The Government has moved closer to introducing legislation to set up a Groceries Code Adjudicator (GCA), its version of what was previously dubbed the ‘supermarket ombudsman’.
The GCA will reside within the Office of Fair Trading (OFT) and will monitor and enforce the Groceries Supply Code of Practice (GSCOP). The Government wants to introduce a draft bill later this year.
The GCA will receive complaints about the way supermarkets interact with their primary suppliers from anyone in the supply chain at home or overseas, and deal with them anonymously. This includes farmers who may not directly supply the large supermarkets.
Non-governmental organisations, trade associations and other organisations cannot lodge complaints directly, but the Department for Business, Innovation and Skills said they will play a useful role in offering advice and assistance.
Consumer Minister Edward Davey said: “We want to make sure that large retailers can’t abuse their power by transferring excessive risks or unexpected costs onto their suppliers. These sorts of pressures are bad for producers and bad for consumers – ultimately they can lead to lower quality goods, less choice and less innovation.
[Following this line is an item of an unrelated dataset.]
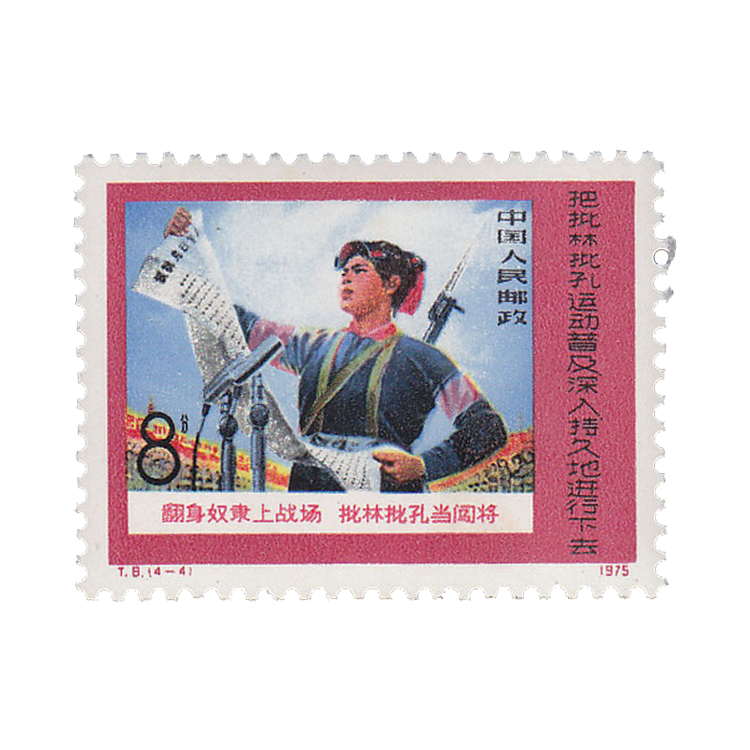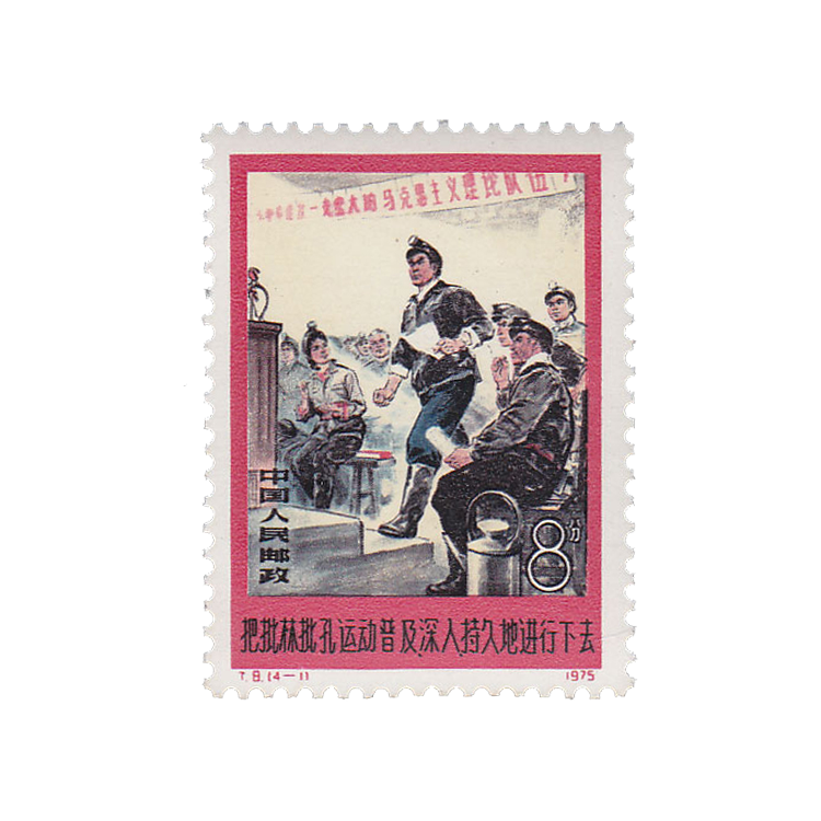 1975年8月20日,为配合“批林批孔”运动,邮电部发行了《把批林批孔运动普及深入持久地进行下去》特种邮票,全套4枚。
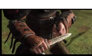 In the film, Hiccup only uses the dagger once to sharpen his pencil before drawing Itchy Armpit on his map. Throughout the rest of the film it's seen in its holster on his right arm.

“The Adjudicator will be able to step in to prevent unfair practices continuing – ensuring a fair deal for producers and safeguarding the consumer interest.”
The British Retail Consortium has hit out against the GCA. It said it should not create a GCA until the impact of the GSCOP – introduced in February – has been assessed. It said the new quango is unjustified and against the spirit of better regulation.
BRC director general Stephen Robertson said: “An ‘adjudicator’ will just add unnecessary costs. We fail to see why principles of better regulation don’t apply to grocery retailing, particularly when the additional costs will ultimately affect the prices customers pay.
“The existing code of practice was strengthened and extended as recently as February. It now applies to all the top ten biggest grocery retailers. It gives suppliers more protection and a new right to independent arbitration to resolve disputes. Its effectiveness over several years should be assessed before any decision to introduce further regulation.
“We already have the most regulated grocery sector in the world. The Code the ‘adjudicator’ would administer only applies to suppliers who have a contractual relationship with retailers but there’s a real danger the new body will generate lots of correspondence from suppliers who aren’t covered. Administering those will still clock up costs.”